Освобождение из тюрьмы праздновалось в буржуазных кругах словно какой-нибудь юбилей. Изменники родины и спекулянты времен оккупации, пополнившие тюрьму, заметно улучшили социальный состав заключенных. Многие нечистые на руку офицеры внесли в тюремную жизнь строгий стиль и военные привычки. Директора и оптовые торговцы смотрели на пребывание в тюрьме, как на отдых в санатории. Если человек мог отбывать свое наказание с улыбкой, то это доказывало, что он — джентльмен.

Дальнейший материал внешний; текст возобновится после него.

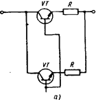 В схеме рис. 6.3 в качестве компенсирующего элемента используется обычный диод VDК или стабилитрон, включенный в прямом направлении. Такая температурная компенсация применяется для стабилитронов, имеющих положительный температурный коэффициент. Температурный коэффициент напряжения диода или стабилитрона, включенного в прямом направлении, отрицательный. При изменении окружающей температуры (например, увеличении) напряжение на стабилитроне увеличивается, а на диоде падает, в результате суммарное напряжение изменяется незначительно.

Однажды днем был арестован инспектор полиции Херлуф Силле. Он только что собрался прочитать «Специальный листок» и выпить свою послеобеденную порцию пива. Лишение свободы он воспринял спокойно. Его коллега, инспектор полиции Хорс, лично взялся арестовать своего приятеля. Херлуфу Силле были предъявлены обвинения в подкупе, воровстве и укрывательстве краденого — обычные преступления служащих полиции. Оба инспектора направились отсюда в отделение Хорса; кругленький, краснолицый Силле, в очках, блестя голым черепом, шагал рядом с тощим и бледным Хорсом, у которого были черные волосы и очень странные черные глаза.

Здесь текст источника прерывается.